On the other hand, the width of the sidewall insulator film 8 can be controlled more precisely, and the sidewall insulator film 8a having a width of only 0.1 m can be formed.

Therefore, the effective width of the semiconductor device region 10 is only slightly reduced by the sidewall insulator film 8a.

With reference to FIG. 2B, the cross section along the line 2B-2B in FIG. 2A is enlarged and displayed.

A separator insulator film 2a is formed on the semiconductor substrate 1, and a channel stopper 6 is formed directly under the separator insulator film 2a.

An impurity region 7 for preventing plate through is formed in the semiconductor element region 10 defined by a vertical sidewall of the isolation insulator film 2a that is accurately patterned by photolithography using anisotropic etching.

A sidewall insulator film 8a of about 0.1 mu m is formed on the vertical sidewall of the isolation insulator film 2a.

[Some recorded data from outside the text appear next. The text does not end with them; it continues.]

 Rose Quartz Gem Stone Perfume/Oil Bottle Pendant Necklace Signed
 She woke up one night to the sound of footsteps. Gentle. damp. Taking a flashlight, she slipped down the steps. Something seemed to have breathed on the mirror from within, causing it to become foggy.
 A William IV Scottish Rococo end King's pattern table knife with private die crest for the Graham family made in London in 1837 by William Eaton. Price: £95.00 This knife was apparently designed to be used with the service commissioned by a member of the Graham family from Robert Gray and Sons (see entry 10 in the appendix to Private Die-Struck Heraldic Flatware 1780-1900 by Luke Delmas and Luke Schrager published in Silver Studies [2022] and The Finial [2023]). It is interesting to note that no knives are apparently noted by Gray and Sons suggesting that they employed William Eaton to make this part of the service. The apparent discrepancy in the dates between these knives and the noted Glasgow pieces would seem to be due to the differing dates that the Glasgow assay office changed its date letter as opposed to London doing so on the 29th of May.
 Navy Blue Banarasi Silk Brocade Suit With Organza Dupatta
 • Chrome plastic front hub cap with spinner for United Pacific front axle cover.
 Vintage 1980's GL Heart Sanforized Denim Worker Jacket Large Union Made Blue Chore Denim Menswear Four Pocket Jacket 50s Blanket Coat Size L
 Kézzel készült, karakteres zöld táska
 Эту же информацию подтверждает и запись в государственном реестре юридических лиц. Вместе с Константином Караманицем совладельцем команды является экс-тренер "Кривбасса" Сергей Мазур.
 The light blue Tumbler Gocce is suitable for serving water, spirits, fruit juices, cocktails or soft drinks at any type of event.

The gate insulator film 12 is formed on the surface of the semiconductor substrate 1 between the sidewall insulator films 8a facing each other, and the word line WL is formed on the gate insulator film 12.

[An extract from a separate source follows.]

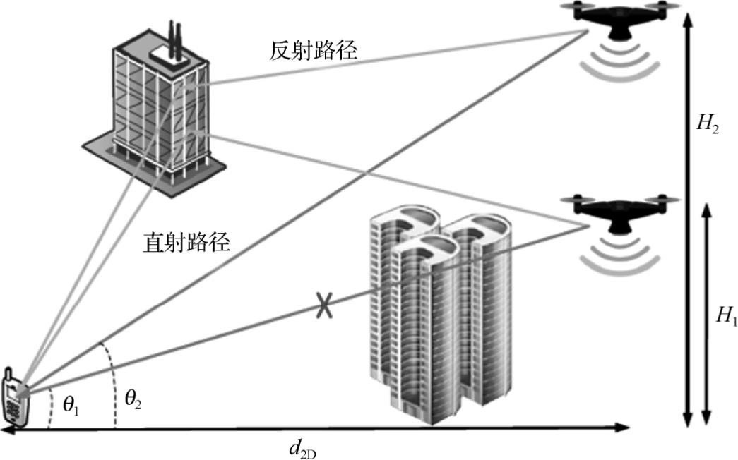 在城市中,无人机与地面基站之间的LoS链路会不时受到地面障碍物的阻挡。为了区分LoS链路和NLoS链路的不同传播环境特点,一种常用的方法是根据两种传播路径的发生概率对LoS链路和NLoS链路分别进行建模,称为概率LoS信道模型。两种传播路径的发生概率通常可以基于城市地区的统计模型得出,如该城市地区中建筑物的密度和高度等。对于给定的发射机和接收机位置,信号通过LoS链路传输的概率可通过计算在发射机和接收机的视距上没有建筑物的概率得到。针对无人机-地面通信,人们提出了不同的视距概率表达式和相应的信道模型。下面介绍基于角度参数的概率LoS信道模型。
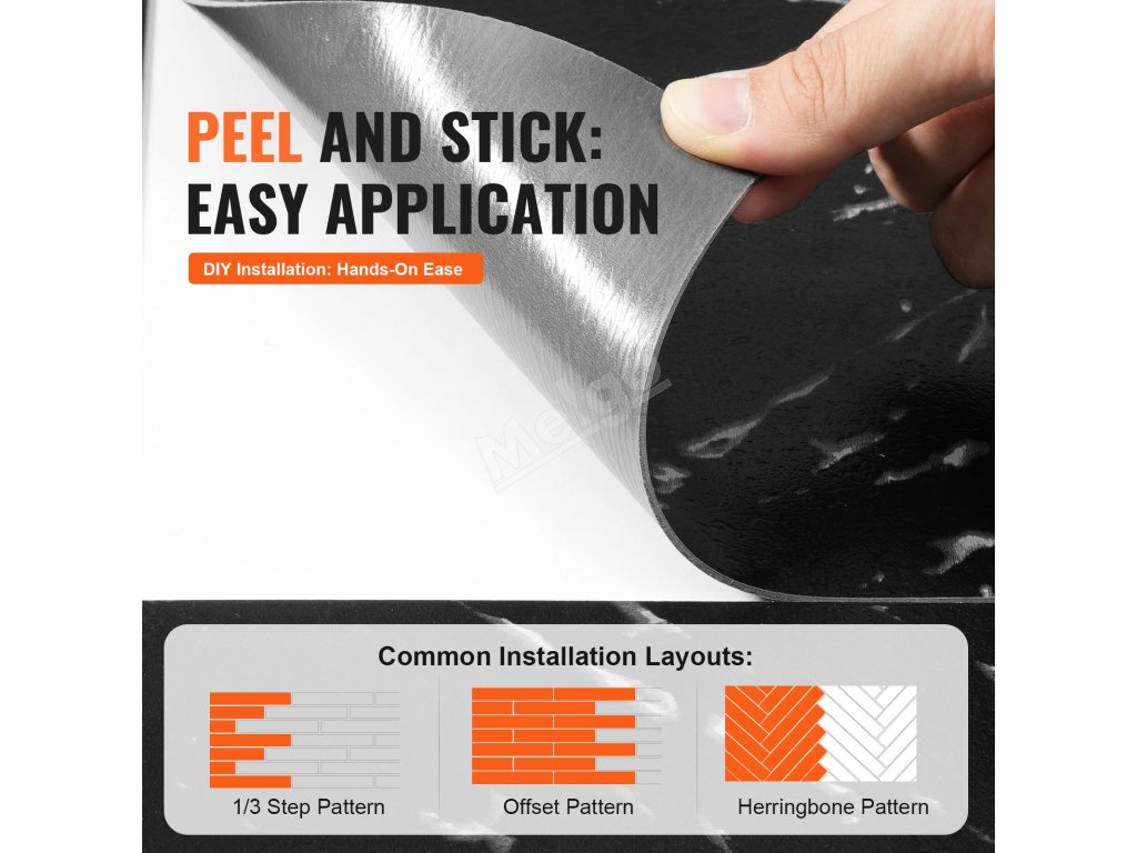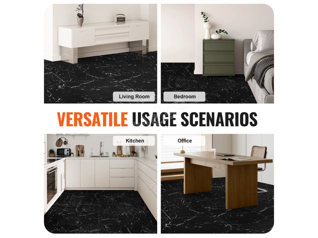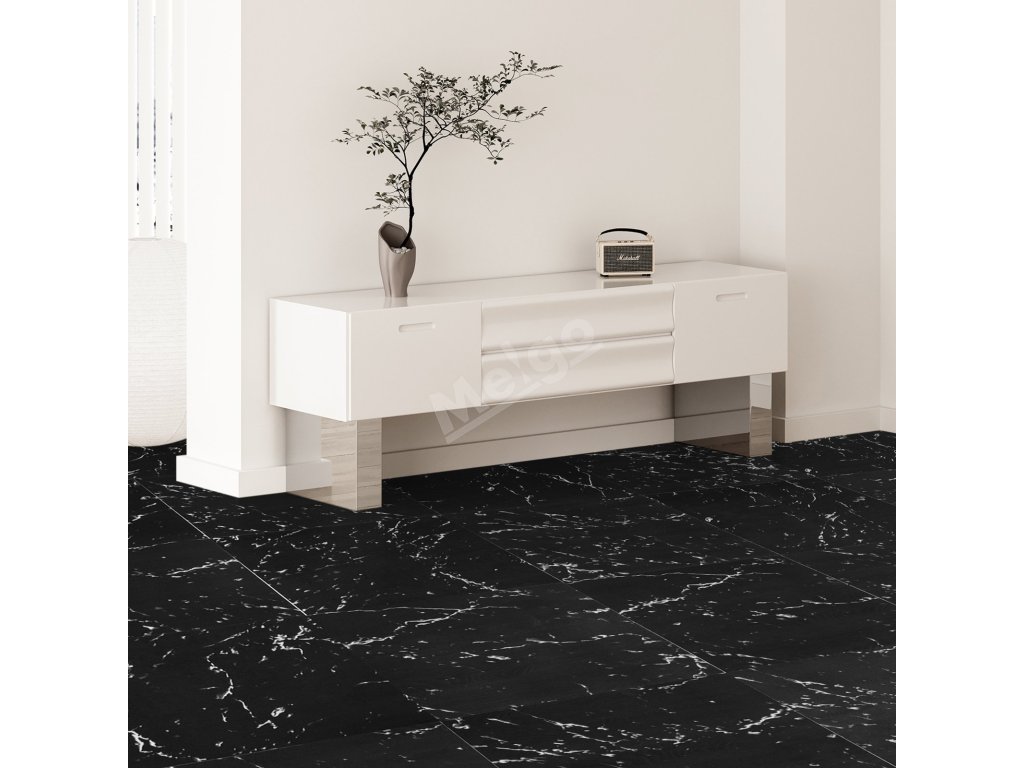 Samolepicí vinylové dlaždice 12×12 inch 50 ks 1.5mm černý mramor

As described above, according to the present invention, since the insulator film having the substantially vertical sidewall is formed using photolithography, the semiconductor device region can be defined to a good extent.

In addition, since the first impurity region serving as a channel stopper is formed by ion implantation passing through the isolation insulator film, the second impurity region serving as a so-called plate prevention layer can be formed at the same time.

Further, the sidewall insulator film can be formed to a width of about 0.1 탆 or less by anisotropic etching, so that the width of the semiconductor device region can be reduced.

For example, an impurity layer such as a source / drain of a FET is formed by ion implantation not only as the isolation insulator film but also as the sidewall insulator film as a mask, so that a portion where the source / drain region and the channel stopper overlap does not occur.

Therefore, the channel stopper does not deteriorate the characteristics of the FET.

Claims (2)

The semiconductor substrate 1 having a main surface, the isolation insulator film 2a formed on the main surface and having a substantially vertical sidewall, and the isolation insulator film 2a are separated from each other to form a semiconductor circuit element. A plurality of semiconductor element regions to be formed, a first impurity region formed by ion implantation in said substrate 1 by an ion implantation at an interface between said isolation insulator film 2a and said substrate, and in said element region; A second impurity region formed simultaneously with the first impurity region by the ion implantation at a position of a predetermined depth on a main surface, and a sidewall insulator film formed using anisotropic etching on a vertical sidewall of the isolation insulator film 2a ( 8a). A semiconductor device characterized by the above-mentioned. The first insulator film 2 is patterned to form a first insulator film 2 on the main surface of the semiconductor substrate 1 and to form an insulator film 2a having a substantially vertical sidewall. 1) a first impurity region up to a predetermined depth is formed at an interface between the isolation insulator film 2a and the substrate 1, and at the same time, a semiconductor circuit element is to be separated from each other by the isolation insulator film. In a plurality of semiconductor element regions, ion implantation is performed to form a second impurity region at a predetermined depth on the main surface, and a second insulator film 8 is formed to cover the separation insulator film 2a and the main surface. And anisotropically etching the second insulator film so as to leave the sidewall insulator film (8a) on a vertical sidewall of the isolation insulator film (8).